Таким образом, все повисло в воздухе. Мадзя тем временем готовила свое многотомное письмо.
Удивительная вещь: Мадзя, бравшая в руки перо лишь затем, чтобы переписать хозяйственный рецепт, молитву или составить список белья, отдаваемого в стирку, однажды попробовав вести разговор с сестрой на бумаге, занялась им страстно, посвящала ему все свободное время. Она запиралась в своей комнате, марала бумагу, поправляла, переписывала, не раз всплакнула при этом, словом, судьба письма трогала ее, как ничто и никогда в жизни.

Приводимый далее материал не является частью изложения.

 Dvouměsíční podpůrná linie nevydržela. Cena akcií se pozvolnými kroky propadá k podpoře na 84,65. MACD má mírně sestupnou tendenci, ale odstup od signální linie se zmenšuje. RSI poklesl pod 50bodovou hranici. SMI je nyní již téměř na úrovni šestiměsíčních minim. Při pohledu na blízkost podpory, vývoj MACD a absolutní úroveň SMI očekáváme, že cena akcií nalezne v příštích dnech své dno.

Разумеется, сиротство обеих увеличивало привязанность к сестре и заботу о ней, она писала незнакомой, бедной, покинутой Зоне от всего сердца, но и сам факт писания, таинственная работа мысли, которая, облекаясь в слова, возвращается к человеку, как родное дитя, откликающееся на призыв матери, тоже способствовала накалу ее чувств.

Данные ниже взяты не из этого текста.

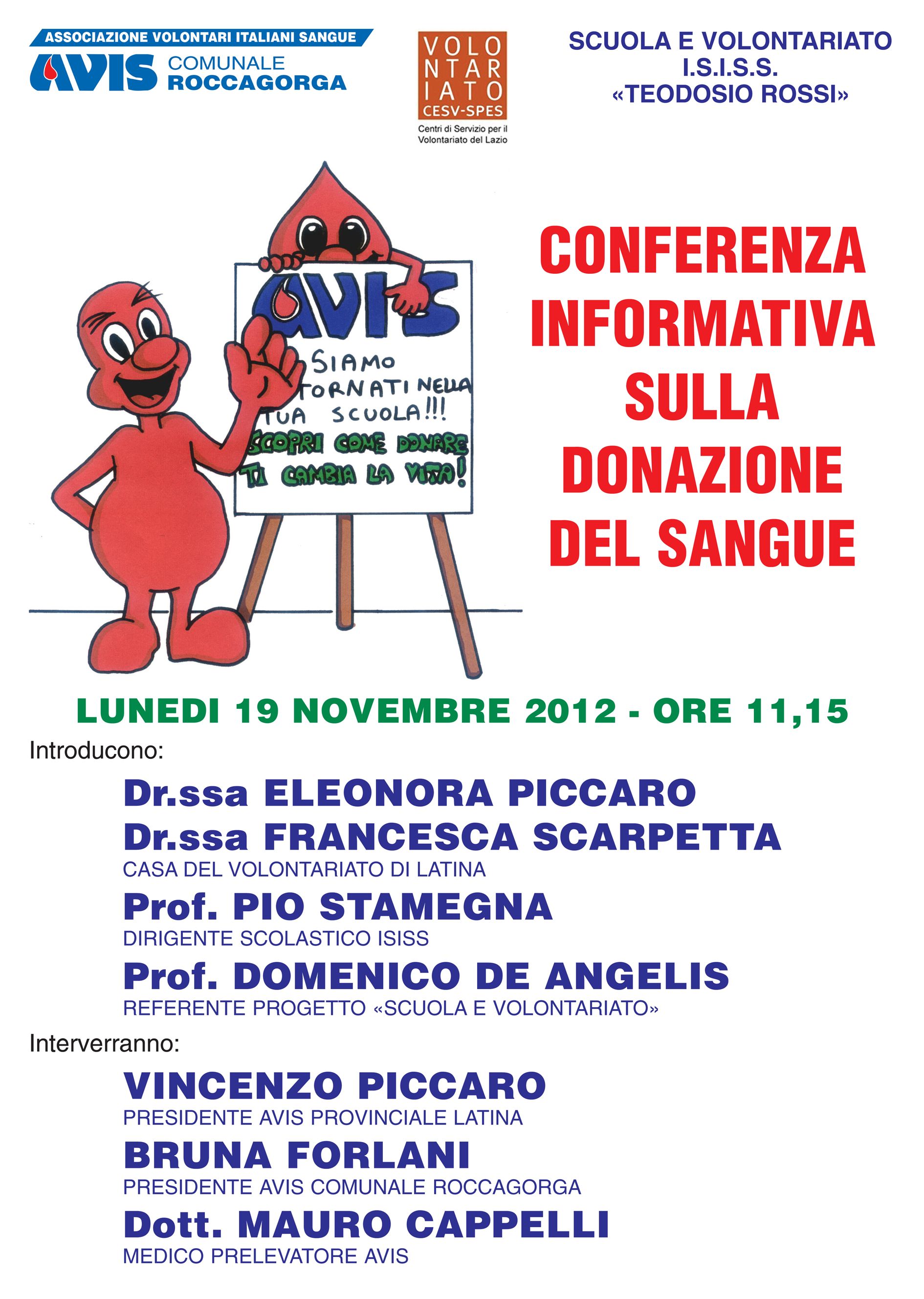 Si svolgerà nell’ambito del progetto Scuola e Volontariato‚ promossa dall’Avis comunale di Roccagorga‚ la Conferenza informativa sulla donazione del sangue.

Накануне отъезда Эвариста листки были перечитаны еще раз, перенумерованы, сложены и кое-как запечатаны. Дрожащей рукой Мадзя отдала их молодому человеку, умоляя, чтобы он, упаси боже, не потерял письмо и постарался непременно получить ответ. Родители со своей стороны поручили сыну разузнать о Зоне поподробнее и написать им всю правду. Пани Эльжбета даже всплакнула при мысли о бедной сиротке; она искренне хотела взять ее к себе и одновременно боялась, — не беспокойства для себя и мужа, а влияния ветреной сестры на Мадзю. Такой она представляла ее себе, зная, что гостеприимный, шумный до невозможности дом судьи Озеренько был всегда открыт для всех, и о том, что там творилось при его жизни, говорилось всякое.

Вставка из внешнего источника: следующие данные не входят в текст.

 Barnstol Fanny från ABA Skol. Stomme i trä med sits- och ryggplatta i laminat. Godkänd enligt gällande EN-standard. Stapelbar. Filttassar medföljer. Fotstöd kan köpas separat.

Домик Агафьи Салгановой на Подоле был, должно быть, построен давно, во всяком случае, строили его по обычаям и традициям старого времени. Собственно говоря, это была перенесенная в город деревенская усадьба. Сложенная из бревен необычайной толщины, крепко, солидно, она состояла из длинного дома, который глядел на улицу семью или восемью окнами с белыми наличниками на потемневшем фоне сосновых бревен и обширного подворья с амбарами и сараями, обнесенного длинным и высоким забором. Во двор вели широкие ворота, примыкавшие прямо к дому. Другого входа с улицы не было. Кроме двора и амбаров с конюшнями, которые сдавались внаем, Салгановы владели еще большим фруктовым садом позади дома и огородом. Нынешней владелицей этой красивой усадьбы была старая Агафья Салганова, вдова состоятельного купца, единственный сын которой жил где-то в провинции и занимал немалый пост на государственной службе. Это была простая, набожная и любопытная женщина, особых забот и занятий по дому у нее не было, поэтому она живо интересовалась всем, что попадалось ей на глаза. Часть жилого дома, единственное, что она сдавала, не полагаясь на ежегодные киевские контракты, была предоставлена разным жильцам, с которыми ее связывали узы вежливого, — другого слова и не подберешь, — любопытства. Для нее стало привычкой часами просиживать у своих постояльцев, вести с ними разговоры, немного прислуживать им и помогать по хозяйству. Но больше всего она старалась быть посвященной в их замыслы и дела.
В молодости очень красивая, но очень бедная, Агафья, став женой богатого купца, хоть и привыкла к хорошей жизни, однако не возгордилась и даже в мыслях не имела представляться барыней. Всегда ходила в шелковом платке на голове и в простом платье, почти как служанка, а когда не было другого общества, охотно водила компанию с возчиками, которым сдавала конюшни, лишь бы было о чем поболтать, посмеяться и услышать что-нибудь новенькое. Так и теперь старушка старательно выполняла все, о чем бы ни попросила снимавшая у нее квартиру пани Гелиодора, чтобы получить доступ в ее общество и бывать с людьми. А так как Гелиодору посещала жизнерадостная веселая молодежь, которую старушка любила, она не раз помогала прислуге с самоваром, чтобы потом постоять и послушать, как здесь болтают и смеются.